Specific Heats of Solids

Specific Heats of Solids

The Specific Heats of Solids (Dulong and Petit’s law)

Dulong and Petit in 1819 observed that at room temperature and atmospheric pressure the product of the specific heats, CP and the relative atomic masses of Solid elements, mostly metals, are approximately 26.8 J deg-1. This is known as Dulong and Petit’s law. The product is also known as atomic heat or heat capacity, CP. There are, however, many exceptions to the rule, e.g., Boron and Carbon (diamond) for which this product is 10.5 and 5.6 respectively.

Dulong and Petit’s Law was extended by Kopp and others to compounds. They observed that the product of specific heat of a compound and its molecular mass is approximately equal to the sum of atomic heats of the constituent atoms.

In spite of their limitations Dulong and Petit’s Law and Kopp’s rule were very useful in determining the atomic muses of many elements, e.g., uranium, indium, mercury etc.

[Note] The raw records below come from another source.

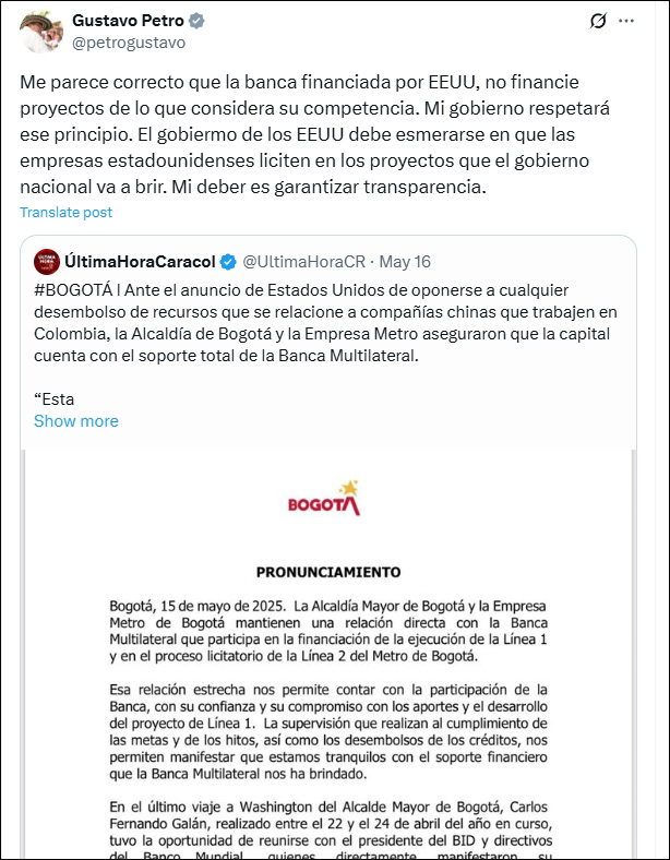 佩特羅當天在X平台上轉發了一條波哥大市政府發表的聲明。聲明提到,針對美國政府宣佈反對向任何在哥運營的中企提供資金,波哥大市政府及地鐵公司強調,首都項目已獲得多邊銀行的全面支持。
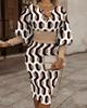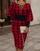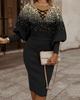 Women's Midi Dress O Neck Lantern Long Sleeve Dress Casual Wrap Hip Knee-Length Dress
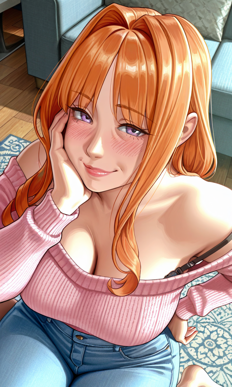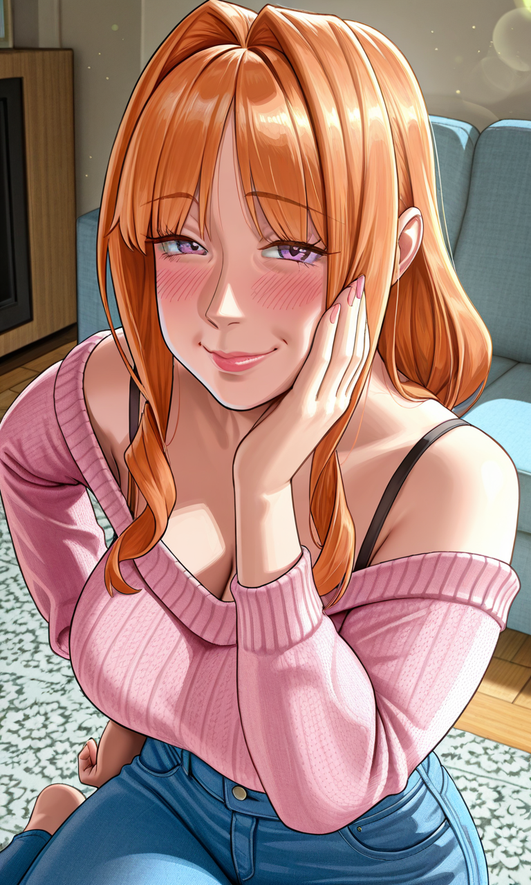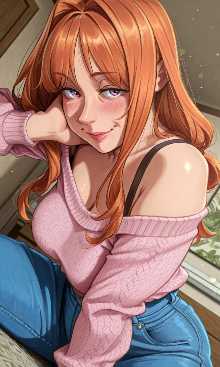pink sweater, high-waist pants, denim, long sleeves, sweater tucked in, blue pants, off-shoulder sweater, strap slip, off shoulder, bra strap,
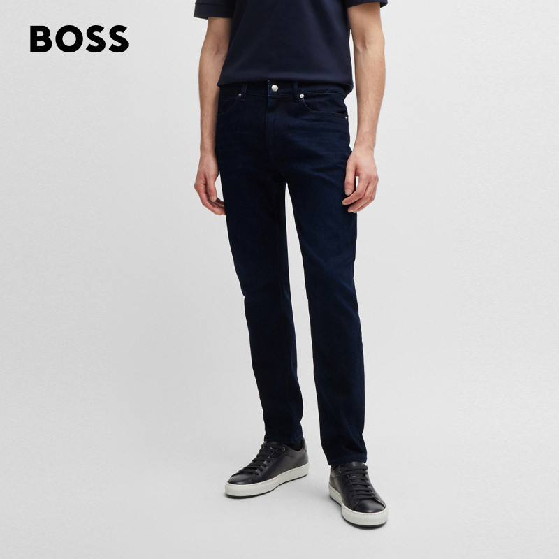 天猫BOSS博斯 男士修身版型柔软深蓝色牛仔裤

Data in table shows approximate constancy of atomic heats of many solids:

Atomic Heats of Solids Elements


Dulong and Petit’s law received some theoretical support as the value of approximately 25.06 joules for atomic heat at constant volume could be derived by considering the atoms in the solids to execute vibration motion about their fixed positions in the crystal lattice. For solids CP and CV do not vary to any great extent. According to this treatment C, should be independent of temperature. Measurements of heat capacities at low temperatures showed, however, that CV, decreases with the decrease of temperature and approaches zero at 0oK as shown in Figure. Explanation for the low values of CV at very low temperatures was given by Einstein and Debye in terms of Planck’s quantum theory. According to Debye’s theory of specific heats, at low temperatures CV is given by;

CV = 77.93 x 3R (T/θ)3

i.e., the specific heat is proportional to T3; θ is called the characteristic temperature and is characteristic of the solid.

Fig: Molar Heat capacities of Solid Elements at different temperatures

The equation is valid below temperatures of about 15 K where measurements do not yield accurate results. The relation is very useful in calculating specific heats at such low temperatures. Predictions of Debye’s theory are in excellent agreements with experimental results. The theory also predicts that heat capacities of all solids will approximate to shout 25.1 J deg-1 at sufficiently high temperatures, which may be different for different elements. In fact those elements which deviate from Dulong ad petit’s law at room temperature are found to have atomic heats in agreement with the law at sufficiently high temperature.